* _EXERCISE DATA_
►

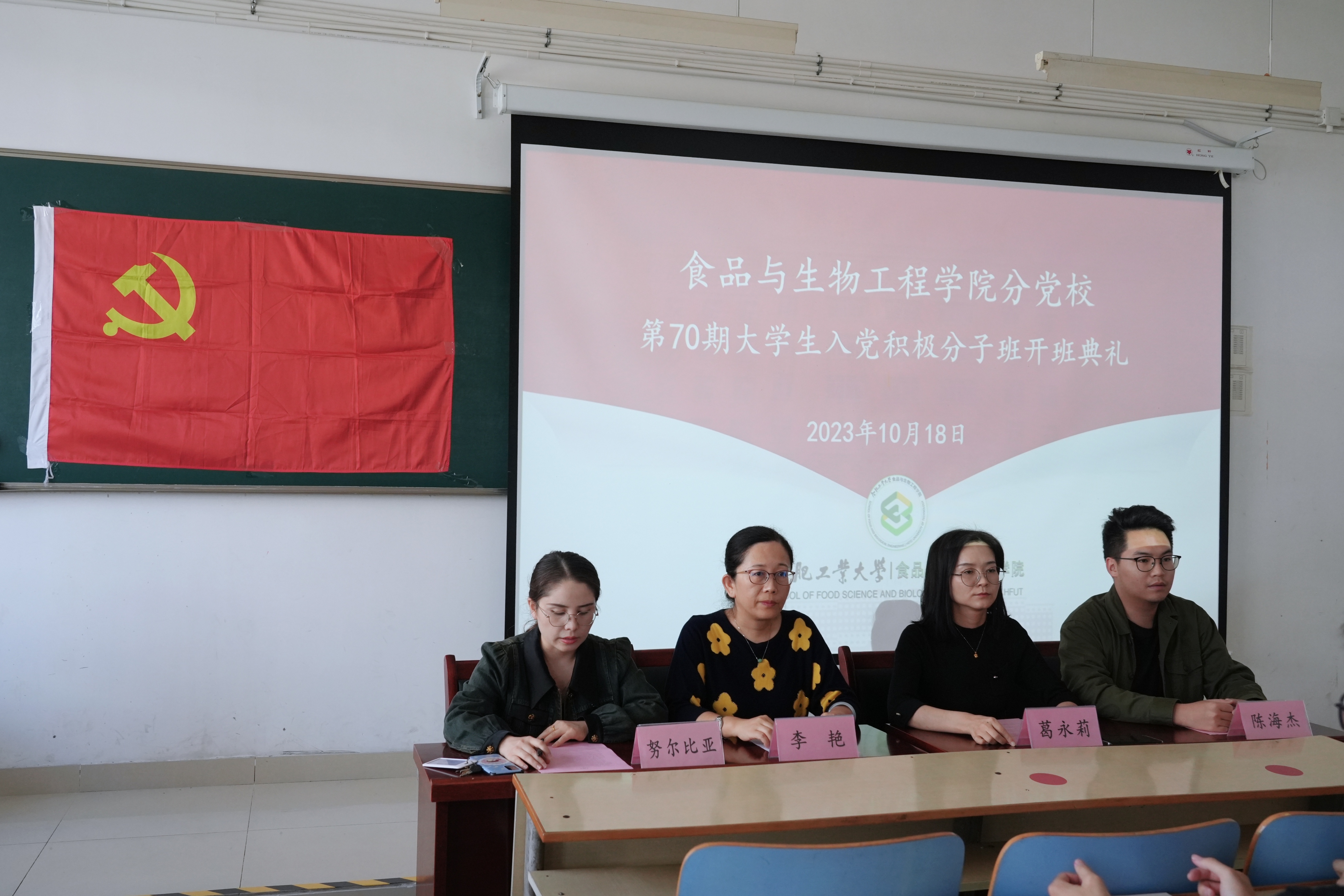 10月18日下午14:00,365电子娱乐官方网站第70期入党积极分子培训班开班典礼于翡翠湖校区十一教306隆重举行。学院党委副书记兼纪委书记、分党校副校长李艳,学院团委副书记葛永莉、学生会秘书长陈海杰以及第70期入党积极分子班全体学员参加了开班仪式。第70期入党积极分子培训班班主任努尔比耶姆主持开班典礼。
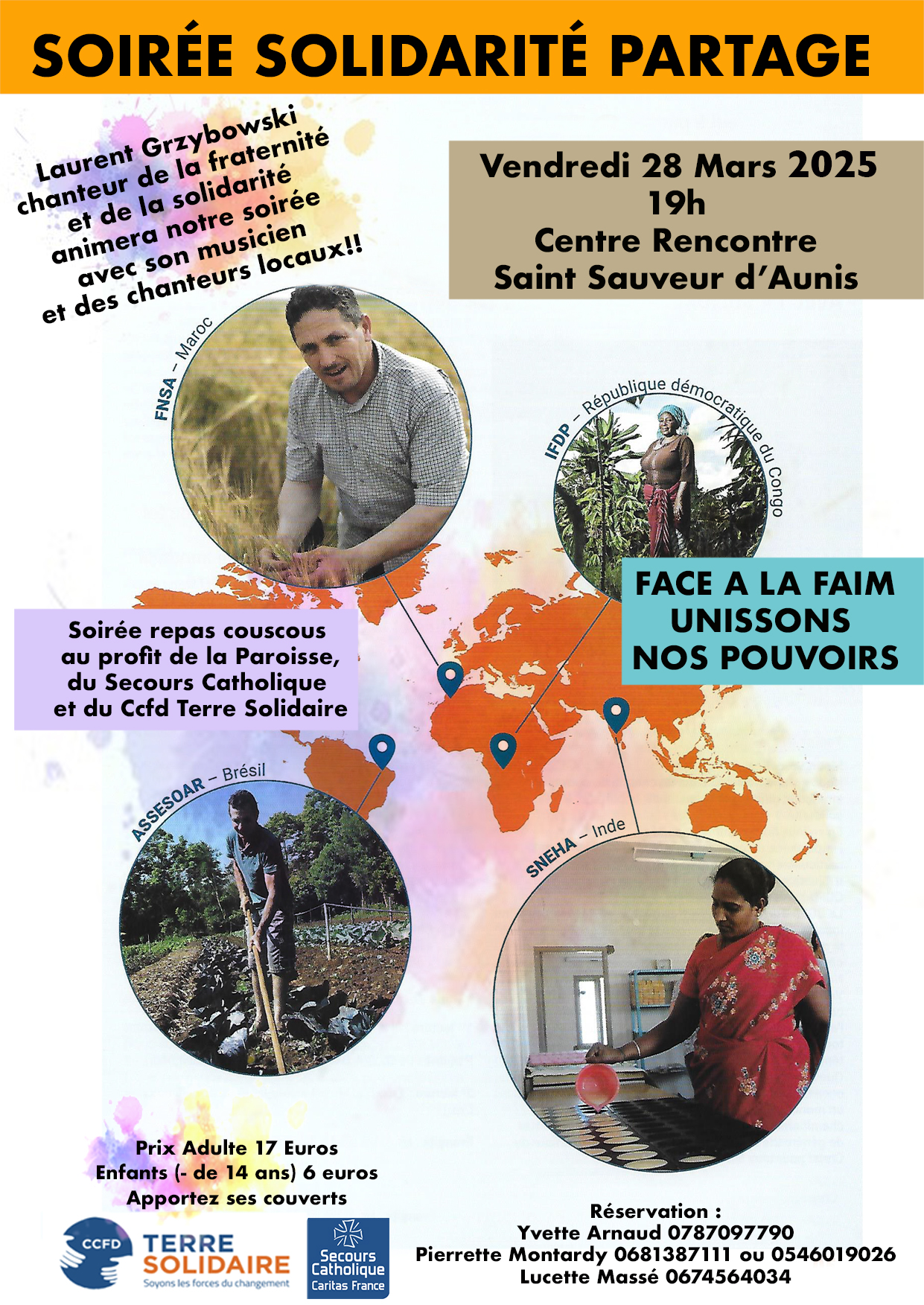 Depuis des années, la soirée Solidarité Partage Couscous est une institution à Saint-Sauveur-d’Aunis. Rendez-vous pour cette grande soirée qui aura lieu vendredi 28 mars, à 19h, au Centre rencontre. Soirée repas couscous au profit de la paroisse, du Secours Catholique et du CCFD Terre solidaire. Laurent Grzybowski, chanteur de la fraternité et de la solidarité, animera la soirée avec son musicien et des chanteurs locaux. Tarif adulte 17€, enfant de moins de 14 ans 6€. Apportez vos couverts. Renseignements et réservations au 07 87 09 77 90 ou au 05 46 01 90 26.
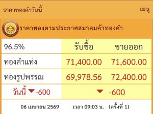 ราคาทองคำวันนี้ 6 เมษายน 2569 โดย สมาคมค้าทองคำ ประกาศราคาทองครั้งที่ 1 (เปิดตลาด) เมื่อเวลา 09.03 น. ปรับตัวลงแรง 600 บาท สู่บริเวณ 71,600 บาท

◄

* _GOAL OF THE EXERCISE_
Would you return the material above exactly, apart from its pictures?

* _TASK OUTPUT_
 10月18日下午14:00,365电子娱乐官方网站第70期入党积极分子培训班开班典礼于翡翠湖校区十一教306隆重举行。学院党委副书记兼纪委书记、分党校副校长李艳,学院团委副书记葛永莉、学生会秘书长陈海杰以及第70期入党积极分子班全体学员参加了开班仪式。第70期入党积极分子培训班班主任努尔比耶姆主持开班典礼。
 Depuis des années, la soirée Solidarité Partage Couscous est une institution à Saint-Sauveur-d’Aunis. Rendez-vous pour cette grande soirée qui aura lieu vendredi 28 mars, à 19h, au Centre rencontre. Soirée repas couscous au profit de la paroisse, du Secours Catholique et du CCFD Terre solidaire. Laurent Grzybowski, chanteur de la fraternité et de la solidarité, animera la soirée avec son musicien et des chanteurs locaux. Tarif adulte 17€, enfant de moins de 14 ans 6€. Apportez vos couverts. Renseignements et réservations au 07 87 09 77 90 ou au 05 46 01 90 26.
 ราคาทองคำวันนี้ 6 เมษายน 2569 โดย สมาคมค้าทองคำ ประกาศราคาทองครั้งที่ 1 (เปิดตลาด) เมื่อเวลา 09.03 น. ปรับตัวลงแรง 600 บาท สู่บริเวณ 71,600 บาท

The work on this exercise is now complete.